OPEN DISCUSSION OF THIS QUESTION IS HERE: m14-29-soccer-game-probability-68335.html
Manager
Joined: 02 Aug 2007
Posts: 101

### Show Tags

30 Oct 2007, 11:18
First get the total number of possible arrangements of 5 goals.
Permutations forumula with repeating elements
Total = 5!/3!*2! = 10 possible arrangements

Losing team in 1 position
Possible arrangments
Losing = 4!/3!1! = 4

so 4/10 C.
Director
Joined: 28 Mar 2006
Posts: 877
Re: Challenge - Ratios and Probability  [#permalink]

### Show Tags

30 Oct 2007, 17:17
bmwhype2 wrote:
In a fantasy football game ended 3:2, what is the probability that the side that lost scored first?

1/4
3/10
4/10
5/12
1/2

Let winning team goals be W,W,W and losing teams be L, L

So we need total # os combinations with 1 L at the 1st poisition

For eg., LWWWL

So total # of possibilities = 5!/3!*2! = 10

Now coming to the first position L we cannot distinguish

so having 1 L in 1st position can be done in 4!/3! (since there are 3 Ws) = 4

So probability = 4/10
CEO
Joined: 07 Jul 2004
Posts: 2890
Location: Singapore

### Show Tags

31 Oct 2007, 00:58
Call the two teams A and B. A won 3:2.

We want
BBAAA -> We need to arrange just the last 4 letters keeping B in the first position.

# of ways to do this is 4!/3! = 4
Total # of ways to arrange this word = 5!/2!3! = 10

P = 4/10 = 2/5
VP
Joined: 07 Nov 2007
Posts: 1060
Location: New York
Re: Challenge - Ratios and Probability  [#permalink]

### Show Tags

26 Aug 2008, 11:44
bmwhype2 wrote:
In a fantasy football game ended 3:2, what is the probability that the side that lost scored first?

1/4
3/10
4/10
5/12
1/2

WWLLL
-- total no of ways = 5!/2!3!

[W]WLLL -- first WIN is fixed..
no of ways = 4!/3!

P= 4/10
Manager
Joined: 22 Jul 2008
Posts: 90
Re: Challenge - Ratios and Probability  [#permalink]

### Show Tags

27 Aug 2008, 06:50
What is the difference between this question and the following question?

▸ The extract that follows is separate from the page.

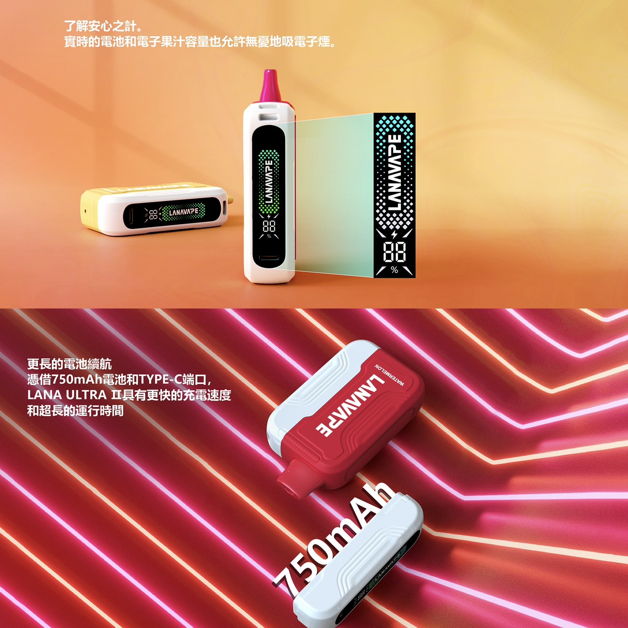 新品LanaVape Ultra II 16000口煙彈,活潑設計濃鬱色彩,搭載10ml 可換彈與16000 口續航,强勁輸出,23 種風味可選,磁吸設計方便好用,新手老玩家都能夠輕鬆駕馭(10mL大容量/ 750mAh強效續航/ 23款風味/ 買三送一).

In 5 flips of a coin, there are are 2 Heads and 3 Tails. What is the prob. that a Head appeared first?
Just as each flip of a coin is an independent event, so is the scoring of each goal.
Total no. of possible events is 2^5 in the case of a coin flip. Shouldn't the same be the case with each goal scored? Of course we know that one team scored 3 and the other, 2 goals. But, either of the 2 teams could have scored each goal. Therefore, total possible outcomes should be 2^5 = 32. Now, if L appears 1st, the total probable outcomes can be 1*(4 C 1) = 4.

Hence Prob. should be = 4/2^5 = 1/8.
What's wrong with the answer or the explanation?
Of course, the other explanations also sound right and the answer does appear to be 4/10.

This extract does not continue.